* **Task objective**: Copy the records below exactly, starting at the line that contains "Add A Fun And" and ending at the line that contains "當地時間2018年12月13"; leave out any pictures.

* **Records shown**:

════════════════

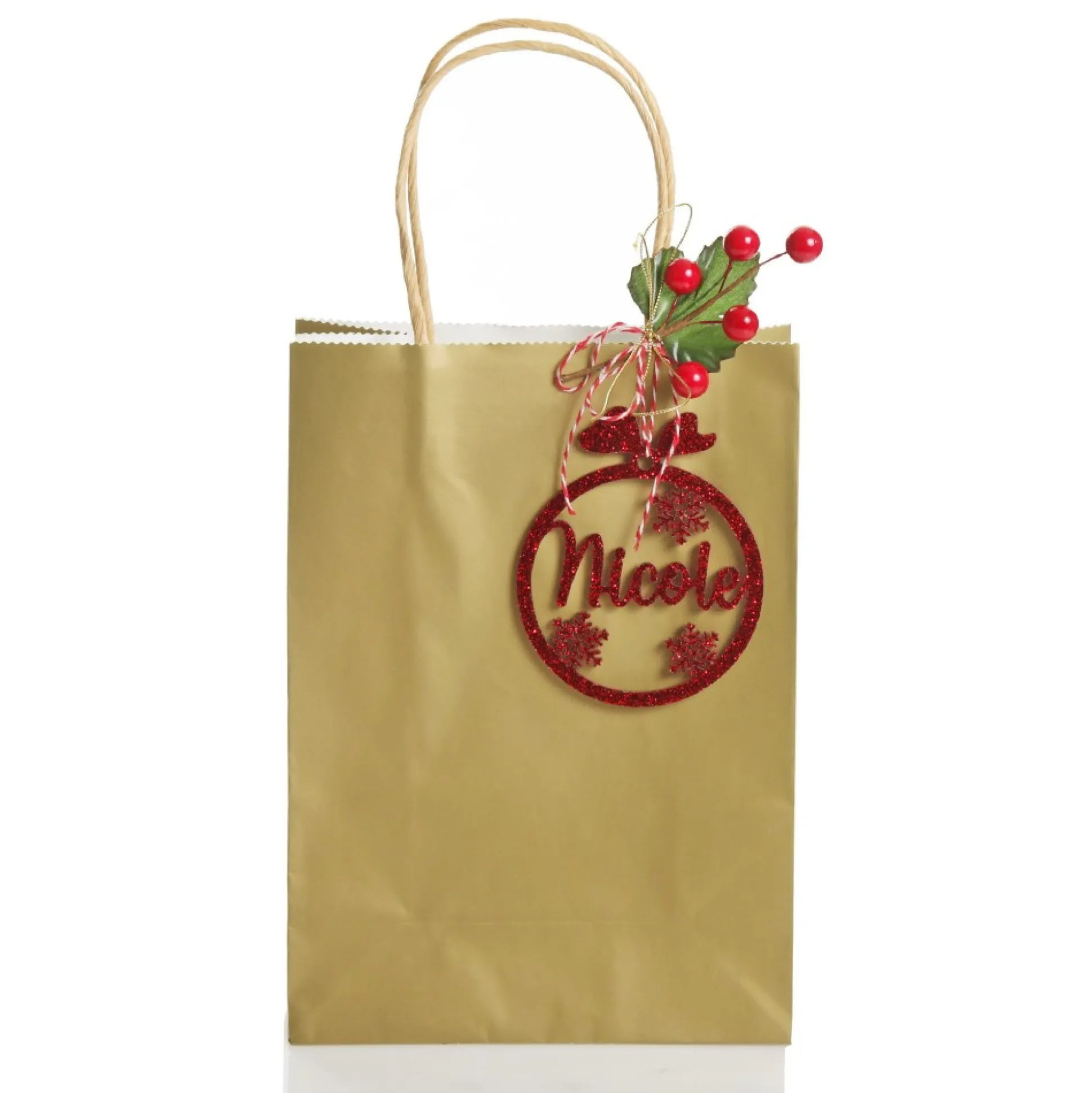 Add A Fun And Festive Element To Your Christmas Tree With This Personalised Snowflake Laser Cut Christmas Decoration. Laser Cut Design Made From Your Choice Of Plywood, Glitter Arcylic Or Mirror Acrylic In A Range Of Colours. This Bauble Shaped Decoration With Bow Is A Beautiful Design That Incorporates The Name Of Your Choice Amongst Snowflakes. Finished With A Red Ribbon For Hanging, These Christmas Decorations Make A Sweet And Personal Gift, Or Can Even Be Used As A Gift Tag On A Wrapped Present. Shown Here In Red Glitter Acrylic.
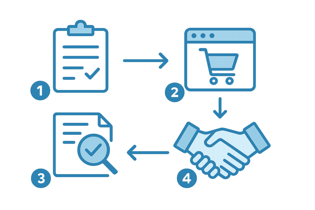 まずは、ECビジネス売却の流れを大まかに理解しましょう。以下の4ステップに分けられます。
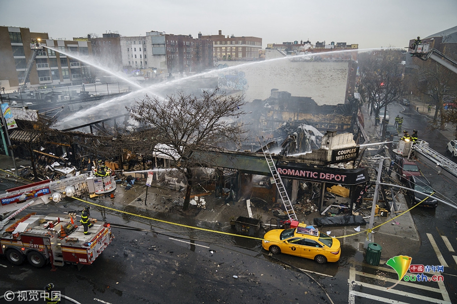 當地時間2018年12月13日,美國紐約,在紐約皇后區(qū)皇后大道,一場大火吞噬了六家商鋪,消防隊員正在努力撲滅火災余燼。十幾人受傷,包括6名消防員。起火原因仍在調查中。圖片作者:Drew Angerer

════════════════

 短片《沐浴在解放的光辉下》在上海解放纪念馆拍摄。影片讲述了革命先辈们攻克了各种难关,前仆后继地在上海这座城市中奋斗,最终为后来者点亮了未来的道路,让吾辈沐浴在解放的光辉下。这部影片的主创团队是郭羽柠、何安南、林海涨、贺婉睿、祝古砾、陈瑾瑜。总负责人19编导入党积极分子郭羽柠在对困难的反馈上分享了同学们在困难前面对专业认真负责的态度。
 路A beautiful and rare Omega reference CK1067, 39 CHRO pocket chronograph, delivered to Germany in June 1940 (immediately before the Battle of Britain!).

════════════════

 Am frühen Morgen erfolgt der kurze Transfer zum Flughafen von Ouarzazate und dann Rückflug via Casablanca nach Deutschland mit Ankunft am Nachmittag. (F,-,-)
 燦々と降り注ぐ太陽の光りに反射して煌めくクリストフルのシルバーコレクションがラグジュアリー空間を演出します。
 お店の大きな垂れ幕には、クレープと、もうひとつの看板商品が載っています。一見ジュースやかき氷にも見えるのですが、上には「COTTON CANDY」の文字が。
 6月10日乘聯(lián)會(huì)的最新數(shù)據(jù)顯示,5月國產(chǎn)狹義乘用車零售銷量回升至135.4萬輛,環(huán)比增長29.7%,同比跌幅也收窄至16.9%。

════════════════

* **Task response**:
 Add A Fun And Festive Element To Your Christmas Tree With This Personalised Snowflake Laser Cut Christmas Decoration. Laser Cut Design Made From Your Choice Of Plywood, Glitter Arcylic Or Mirror Acrylic In A Range Of Colours. This Bauble Shaped Decoration With Bow Is A Beautiful Design That Incorporates The Name Of Your Choice Amongst Snowflakes. Finished With A Red Ribbon For Hanging, These Christmas Decorations Make A Sweet And Personal Gift, Or Can Even Be Used As A Gift Tag On A Wrapped Present. Shown Here In Red Glitter Acrylic.
 まずは、ECビジネス売却の流れを大まかに理解しましょう。以下の4ステップに分けられます。
 當地時間2018年12月13日,美國紐約,在紐約皇后區(qū)皇后大道,一場大火吞噬了六家商鋪,消防隊員正在努力撲滅火災余燼。十幾人受傷,包括6名消防員。起火原因仍在調查中。圖片作者:Drew Angerer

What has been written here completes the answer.